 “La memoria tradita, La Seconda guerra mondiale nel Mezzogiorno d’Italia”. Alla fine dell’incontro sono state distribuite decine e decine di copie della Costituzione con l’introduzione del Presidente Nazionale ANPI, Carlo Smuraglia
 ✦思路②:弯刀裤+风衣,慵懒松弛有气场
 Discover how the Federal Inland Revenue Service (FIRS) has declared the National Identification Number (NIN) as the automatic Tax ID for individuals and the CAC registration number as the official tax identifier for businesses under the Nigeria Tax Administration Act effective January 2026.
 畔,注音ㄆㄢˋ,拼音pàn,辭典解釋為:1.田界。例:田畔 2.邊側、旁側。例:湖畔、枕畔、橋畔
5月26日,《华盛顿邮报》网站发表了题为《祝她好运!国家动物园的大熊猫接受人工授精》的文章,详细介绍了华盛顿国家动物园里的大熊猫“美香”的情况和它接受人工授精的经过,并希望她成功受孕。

# # # #

▸ **TASK STATEMENT**
Quote only the lines from the one containing "Discover how the" through the final line of the records, with both ends included.

▸ **ANSWER TO THIS PROBLEM**
 Discover how the Federal Inland Revenue Service (FIRS) has declared the National Identification Number (NIN) as the automatic Tax ID for individuals and the CAC registration number as the official tax identifier for businesses under the Nigeria Tax Administration Act effective January 2026.
 畔,注音ㄆㄢˋ,拼音pàn,辭典解釋為:1.田界。例:田畔 2.邊側、旁側。例:湖畔、枕畔、橋畔
5月26日,《华盛顿邮报》网站发表了题为《祝她好运!国家动物园的大熊猫接受人工授精》的文章,详细介绍了华盛顿国家动物园里的大熊猫“美香”的情况和它接受人工授精的经过,并希望她成功受孕。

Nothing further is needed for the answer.